This article is the first part of a two-part series that continues the Big iron lessons series. This first part provides a historical background on the evolution of ciphers and encryption through World War II, when automated encryption systems began to emerge and usher in the era of digital encryption. The earliest digital encryption was pioneered with an IBM mainframe application known as Lucifer. Be sure to read the second part to learn more about the continuing evolution. Working with the simple encryption schemes and practicing cryptanalysis in this first part will help the serious architect understand and appreciate the challenges of encryption and cryptanalysis.
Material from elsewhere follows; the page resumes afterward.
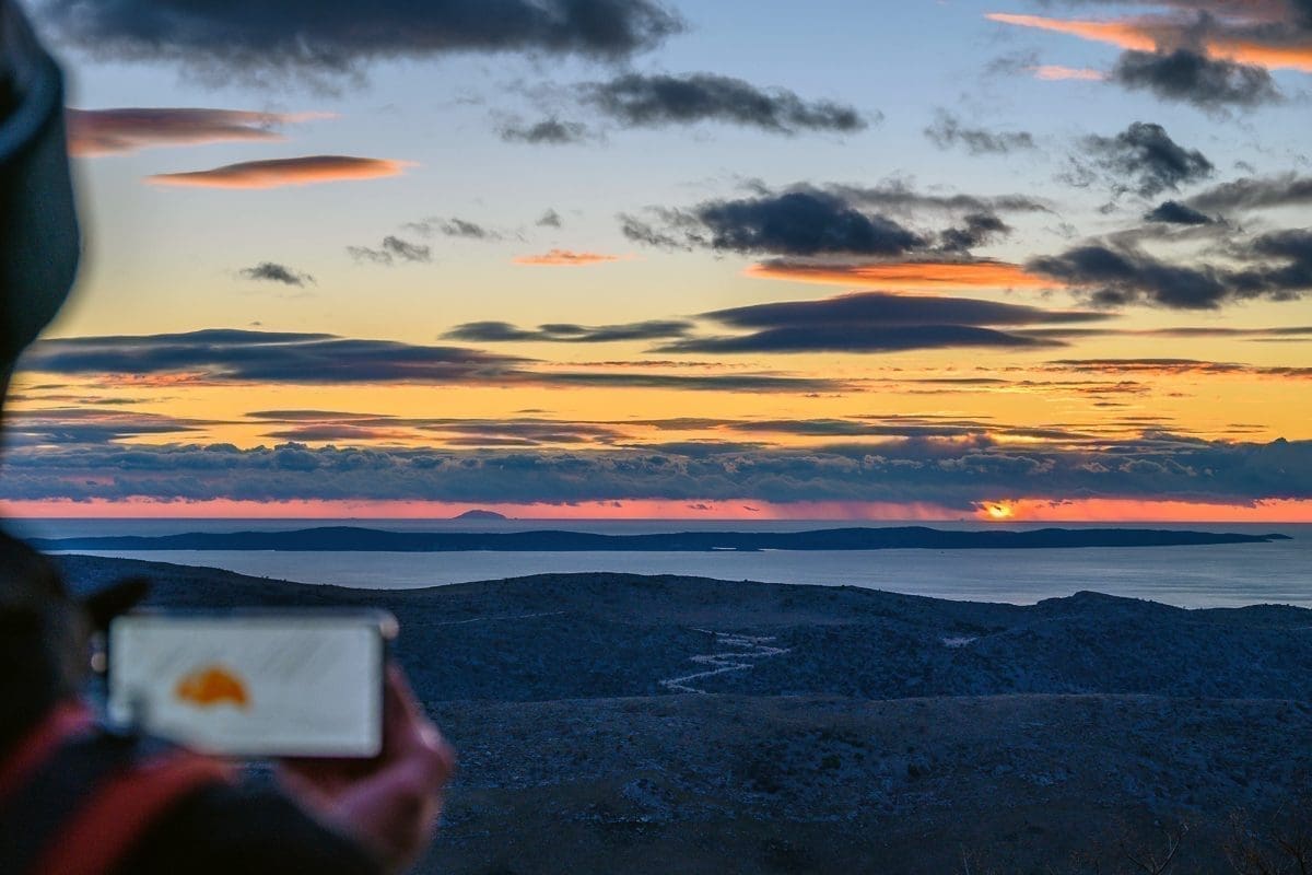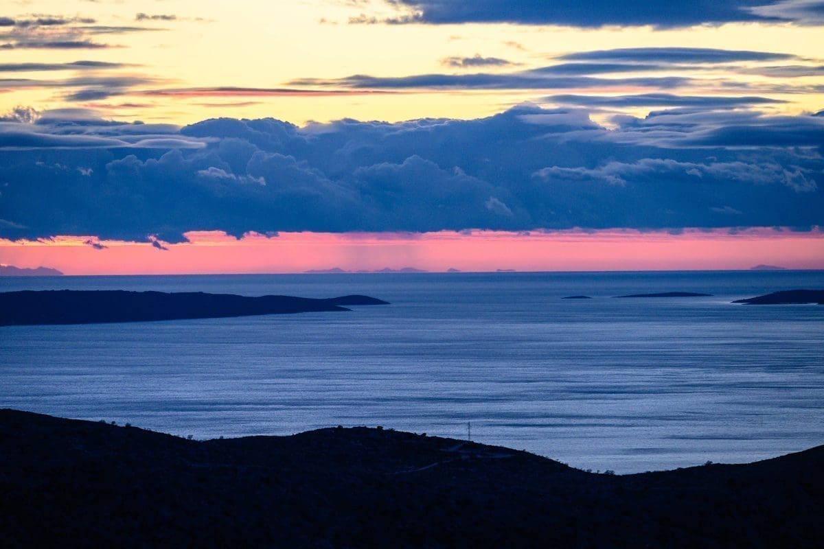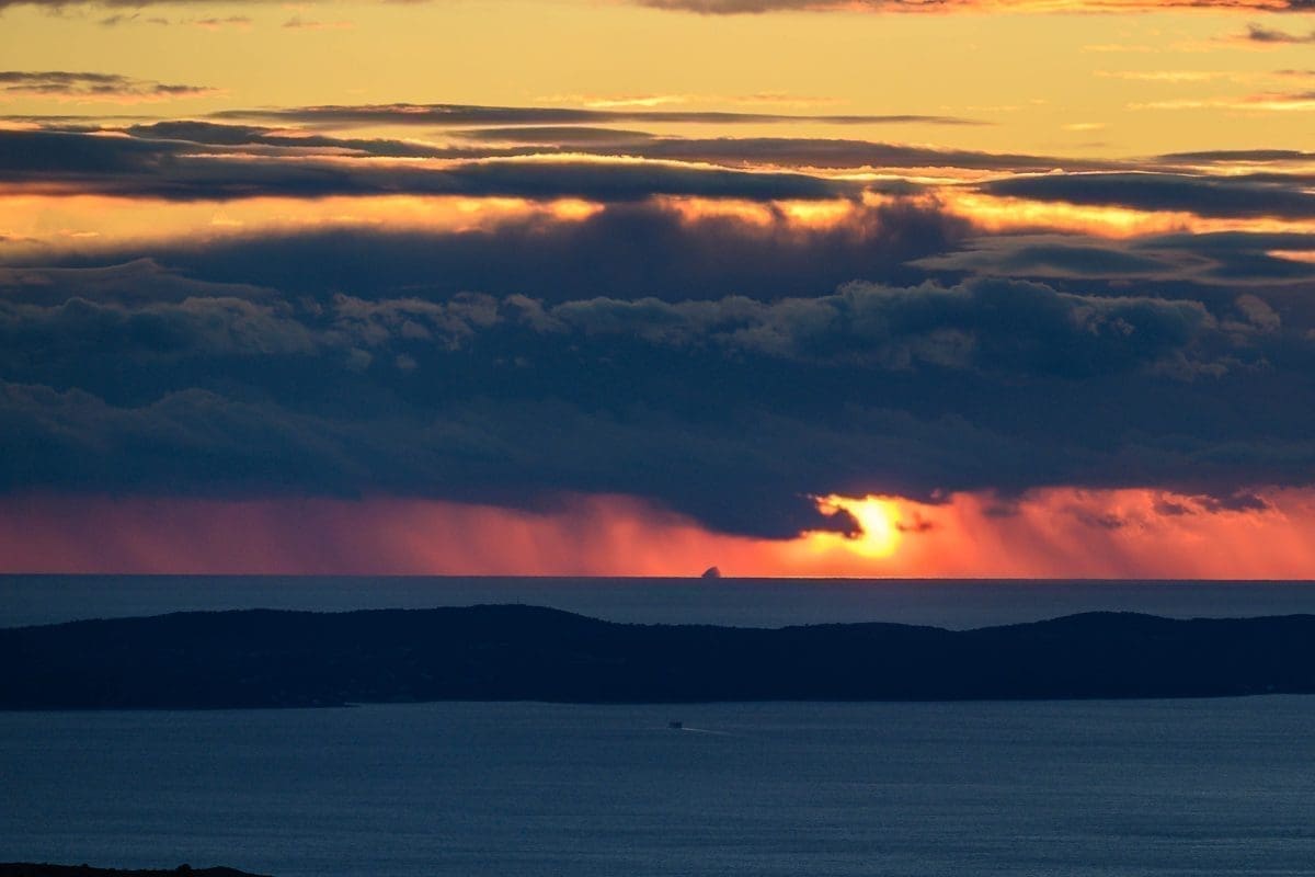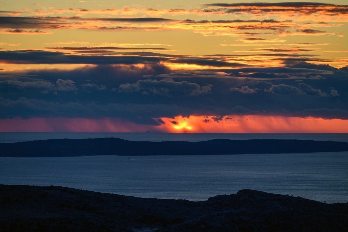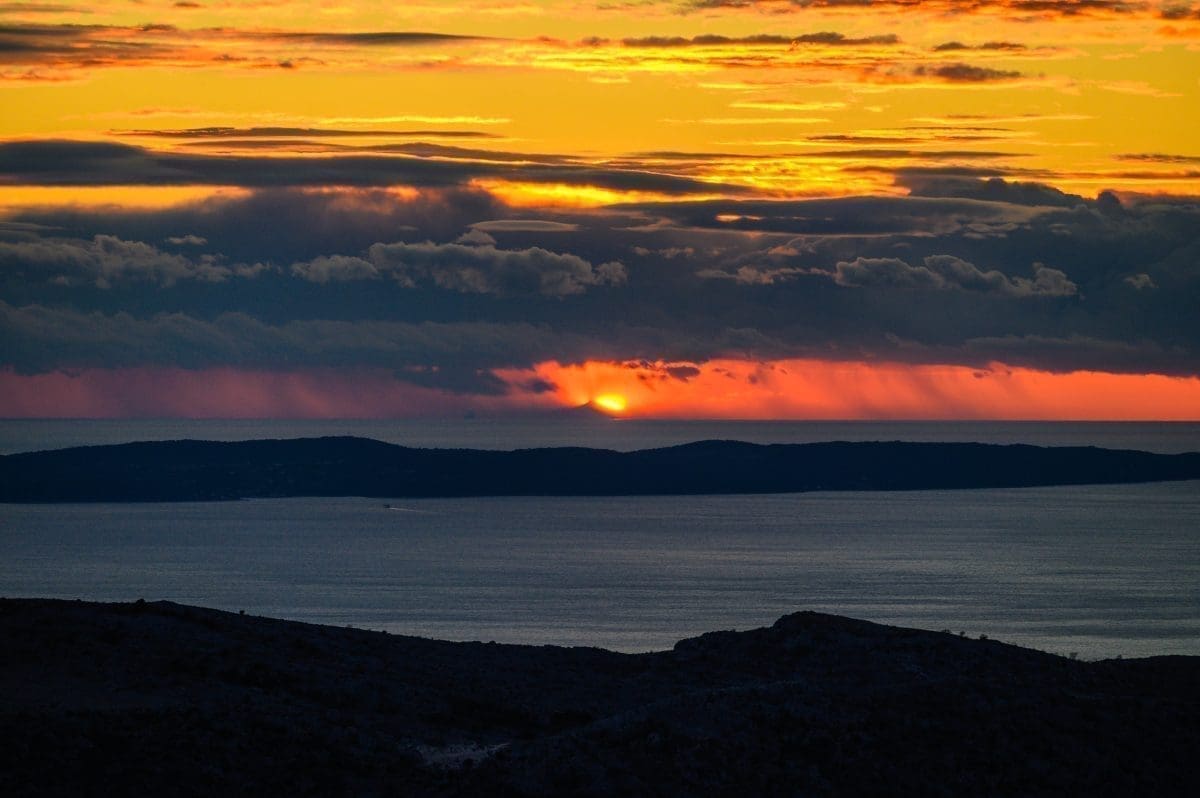 Kraj dana donio je predivne prizore kada se nakon zalaska sunca na zapadnom horizontu "ukazala" Italija. Vidljivost je bila jako dobra, pa se nije vidio sam najveći masiv Apenina, Gran Sasso s najvišim vrhom Corno Grande (2912 mnv) nego se iza Svetog Andrije jako dobro vidio masiv s najvišim vrhom Monte Aquaviva, a vrhovi iznad 2500 metara vidjeli se se sve do iza Drvenika.

A brief history of cryptography
Natural language ciphers have existed for over 4,000 years, with the Egyptians being the first that we know of to engage in the practice. Not long after the first text was encrypted, the art of decrypting the cipher -- cryptanalysis -- emerged. Early ciphers used substitution to replace letters and eventually evolved to also include transpositions of characters as well as simple substitution. Many experts in the field of cryptography have argued that all good cryptographers are also good at cryptanalysis. The idea is that if you have experience with methods of attack and cracking codes, you probably have better ideas on how to construct codes that can't be cracked.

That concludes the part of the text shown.